Each site has its own Metabase instance in PostgreSQL, and the GCE core model was installed into three PostgreSQL schemas: 'metabase2', 'research_project' and 'resources', which are analogous to two of the SQL Server databases in GCE Metabase (Metabase and Submissions, Sheldon, 2011). The views used by GCE were also ported, and serve as an abstraction layer between the model and export scripts. In many cases we will use Metabase views as designed. However, in some cases we will create additional views, especially when use of PostgreSQL XML type is indicated. We created a separate schema for these views, called 'trees'. The research_project schema was populated first, and we are now working mainly on datasets, in the metabase2 schema.

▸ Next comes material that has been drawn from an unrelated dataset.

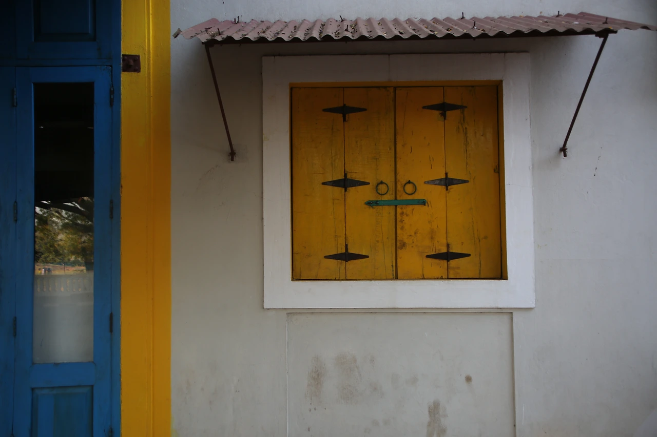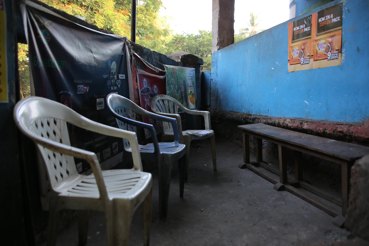 낡은 플라스틱 의자 몇 개와 청소를 기다리며 세워진 비가 이채로운 모습이에요.

Datasets use many more tables than do research projects. Both MCR and SBC have rich, high quality EML metadata, and routinely use most dataset module elements. Our strategy was to use this already-structured metadata to populate Metabase. Across multiple static EML documents, content is not constrained, allowing some fields to be irregular. An opportunity to regularize this content arises during upload to Metabase. Within a relational database, constraint and regularization of content is built in, and in a normalized database, the parent tables must be populated first.
As of this writing, all dataset-level content for both sites is populated, and we are progressing with the entity-level metadata. A general pattern for table-population has emerged:
- Ascertain the population-order for a group of tables with a schema analyzer such as SchemaSpy.
- Using XSLT, extract the subset of EML content needed for the table(s) from the entire corpus of EML documents to flat text files.
- Upload content to a generic 'scratch' table and regularize content as appropriate.
- Add primary and foreign keys to the scratch table to ensure constraints are met.
- Use SQL to copy content from the scratch table to the respective metabase tables.
Our scripts for extracting database table content from EML are reusable to some extent. With continued use, we have been able to factor some components to make them more generic.
Collaborative Cross-site Design
We used existing GCE Metabase content as a guide, and as much as possible populated SBC/MCR tables in the same way. In some cases, however, the model did not quite fit our local concept of a dataset feature. This is understandable; Metabase has been in production since 2001 with multiple uses at GCE, and evolved to suit the needs of that site. We described each issue we encountered, and have categorized our approach to solving them:
- Solving the incompatibility is essential to continuing, and our solution to the issue IS NOT backward compatible: we wrote up a proposed change and contacted Metabase's author. These issues were most important to discuss with GCE before proceeding.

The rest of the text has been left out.